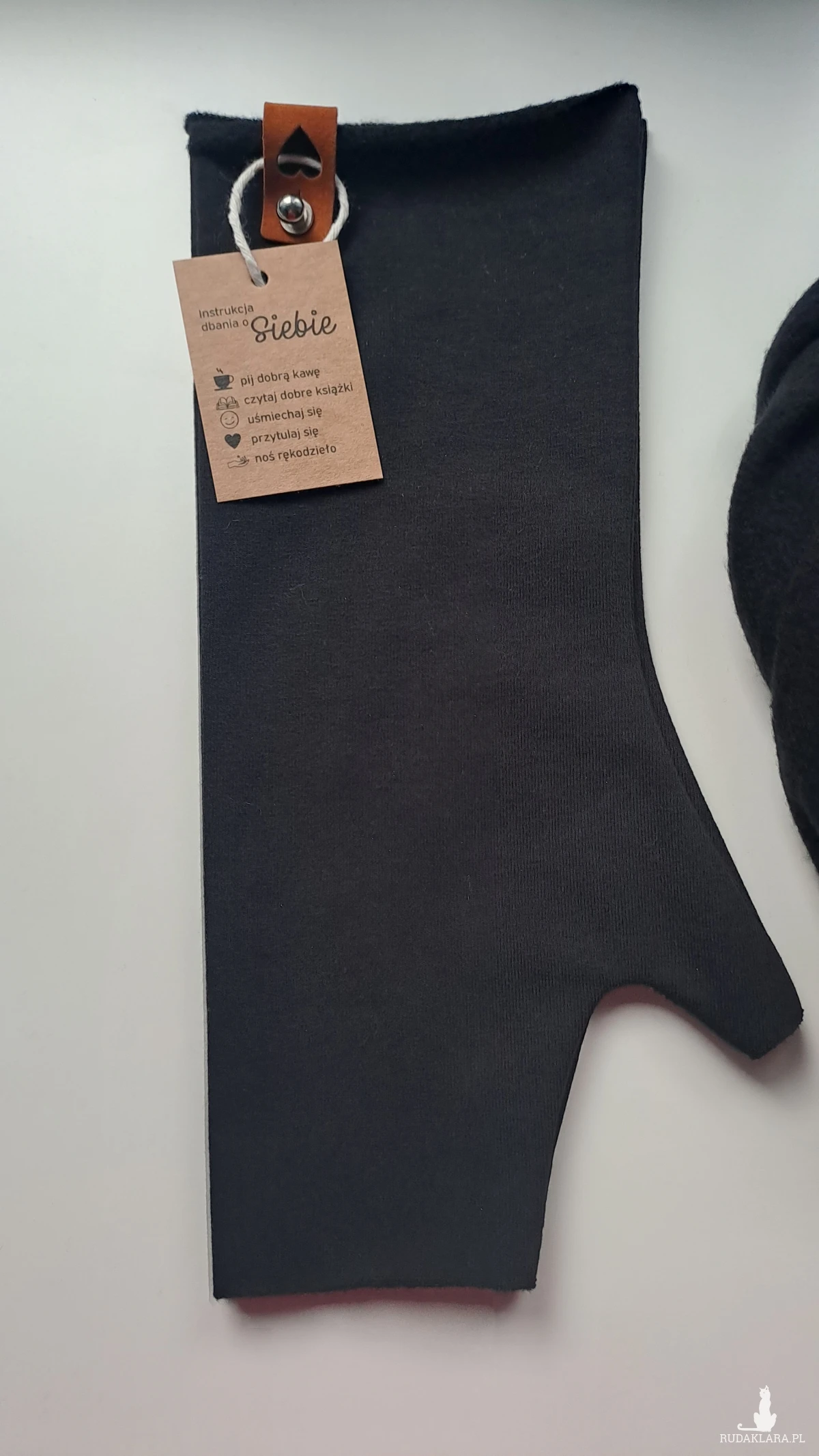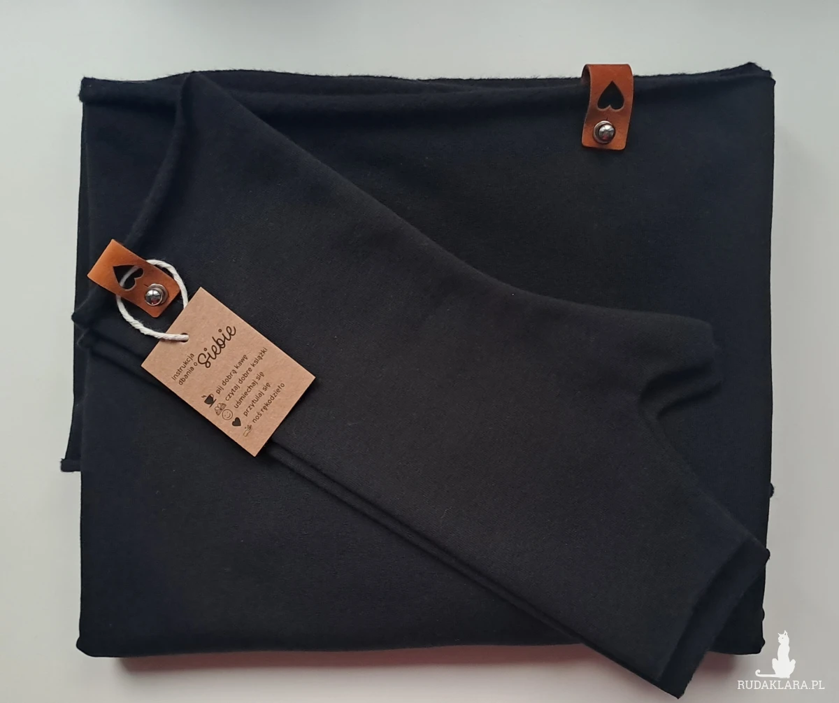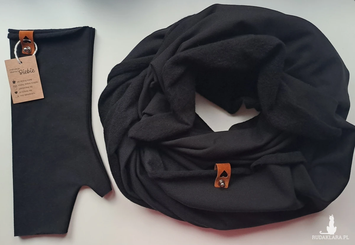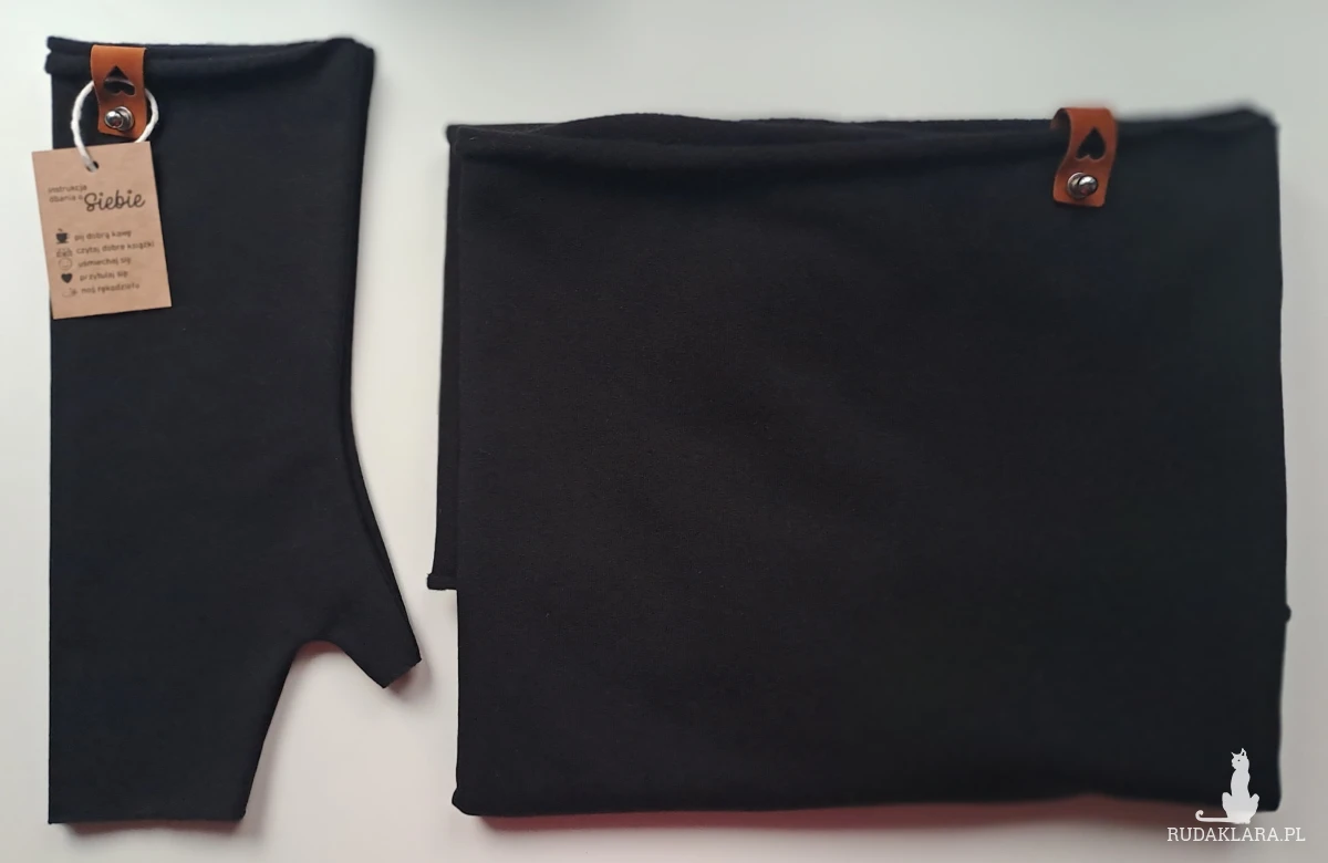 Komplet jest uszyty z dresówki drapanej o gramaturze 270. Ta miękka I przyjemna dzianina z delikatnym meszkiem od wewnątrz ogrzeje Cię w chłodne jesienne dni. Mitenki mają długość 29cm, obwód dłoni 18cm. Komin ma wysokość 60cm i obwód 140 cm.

........

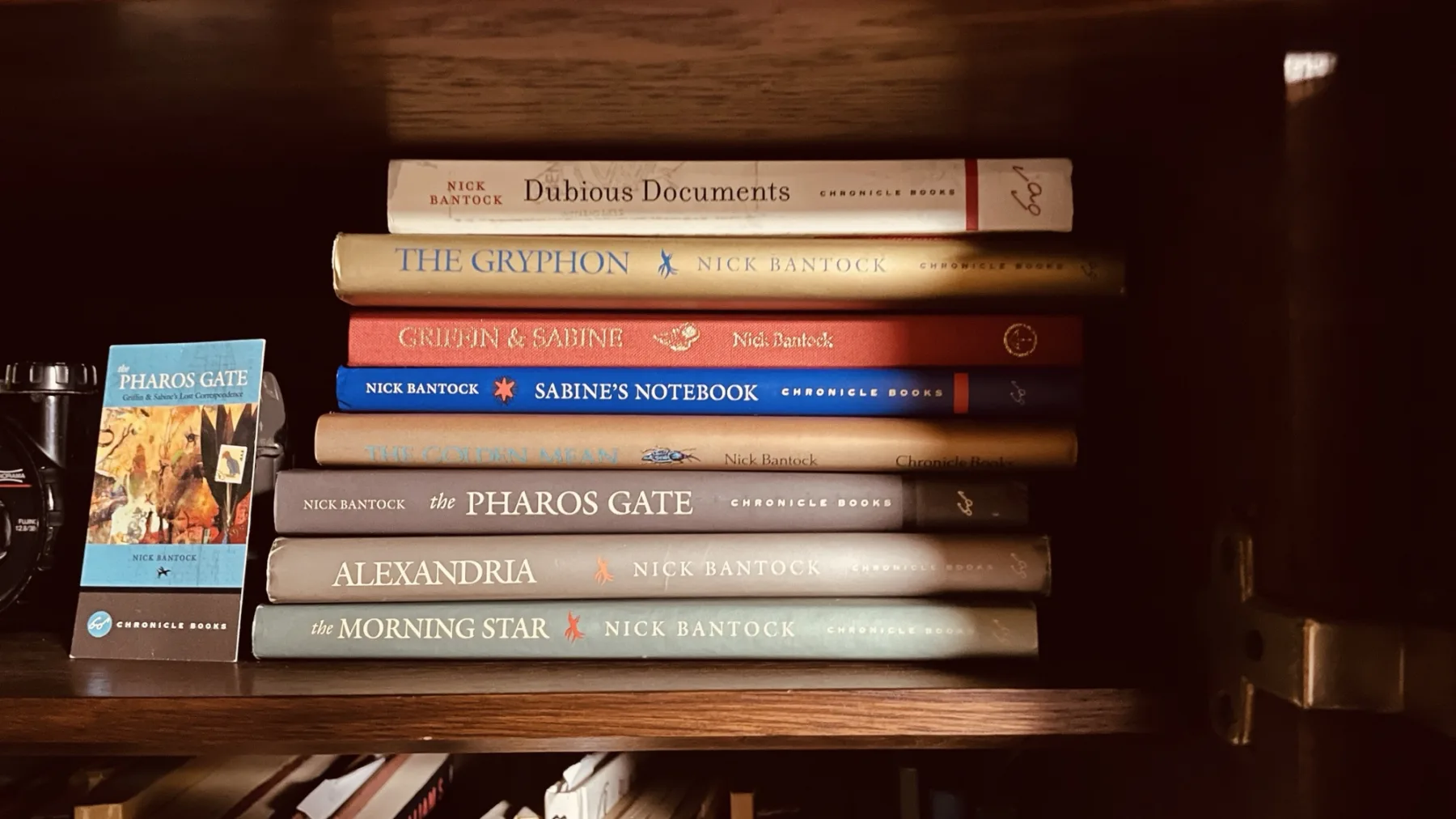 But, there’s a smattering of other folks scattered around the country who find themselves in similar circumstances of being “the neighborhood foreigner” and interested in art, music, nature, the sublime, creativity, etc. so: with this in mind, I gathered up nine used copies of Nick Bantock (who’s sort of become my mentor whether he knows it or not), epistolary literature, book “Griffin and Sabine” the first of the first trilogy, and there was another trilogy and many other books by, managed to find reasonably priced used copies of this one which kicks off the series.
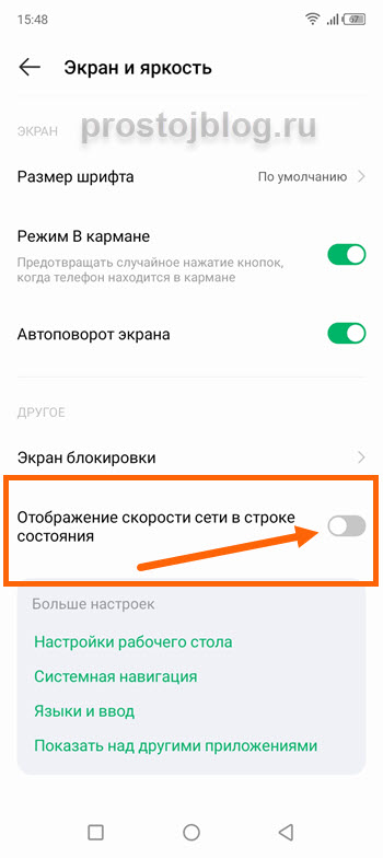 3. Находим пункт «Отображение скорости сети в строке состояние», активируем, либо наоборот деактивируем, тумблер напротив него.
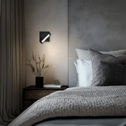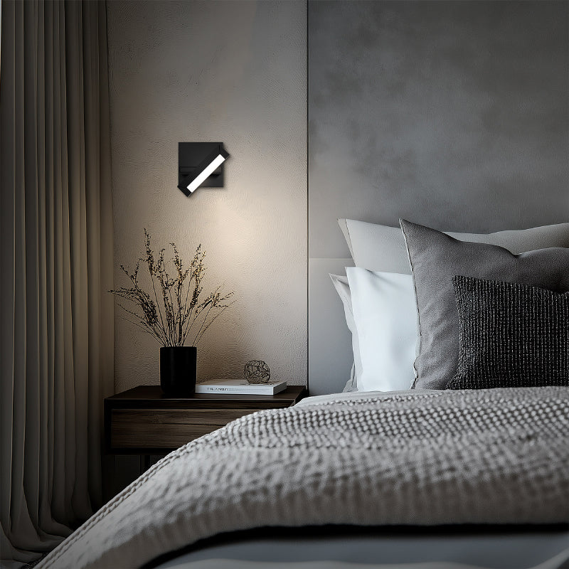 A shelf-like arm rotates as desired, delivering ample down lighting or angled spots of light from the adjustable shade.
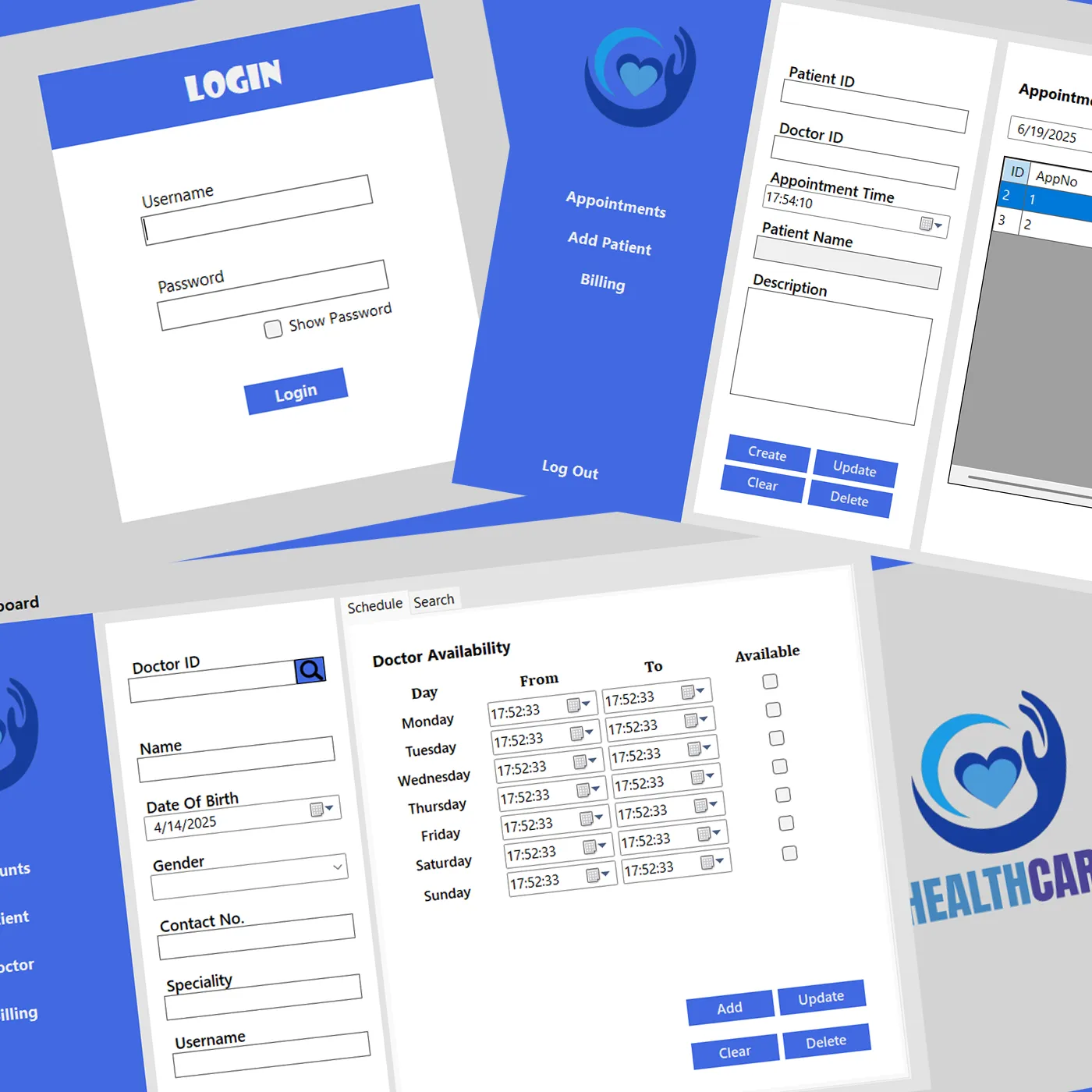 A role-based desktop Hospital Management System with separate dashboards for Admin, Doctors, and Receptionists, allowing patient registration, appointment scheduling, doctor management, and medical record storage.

........

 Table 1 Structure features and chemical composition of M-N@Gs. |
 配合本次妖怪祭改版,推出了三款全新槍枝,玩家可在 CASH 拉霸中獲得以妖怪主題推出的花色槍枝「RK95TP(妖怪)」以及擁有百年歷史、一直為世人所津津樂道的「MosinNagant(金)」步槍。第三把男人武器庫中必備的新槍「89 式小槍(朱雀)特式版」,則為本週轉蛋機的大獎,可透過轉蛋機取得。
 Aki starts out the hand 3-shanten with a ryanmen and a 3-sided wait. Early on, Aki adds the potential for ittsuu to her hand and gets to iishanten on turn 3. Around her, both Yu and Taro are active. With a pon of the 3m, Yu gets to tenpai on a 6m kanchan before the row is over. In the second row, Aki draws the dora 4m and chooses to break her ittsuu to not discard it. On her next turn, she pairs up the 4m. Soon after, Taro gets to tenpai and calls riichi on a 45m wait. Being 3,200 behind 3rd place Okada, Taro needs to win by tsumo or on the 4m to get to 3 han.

........

◆ Task objective
Restate the lines above from the one containing "But, there’s a" through the one containing "3. Находим пункт", inclusive, exactly and without pictures.

◆ Finished task
 But, there’s a smattering of other folks scattered around the country who find themselves in similar circumstances of being “the neighborhood foreigner” and interested in art, music, nature, the sublime, creativity, etc. so: with this in mind, I gathered up nine used copies of Nick Bantock (who’s sort of become my mentor whether he knows it or not), epistolary literature, book “Griffin and Sabine” the first of the first trilogy, and there was another trilogy and many other books by, managed to find reasonably priced used copies of this one which kicks off the series.
 3. Находим пункт «Отображение скорости сети в строке состояние», активируем, либо наоборот деактивируем, тумблер напротив него.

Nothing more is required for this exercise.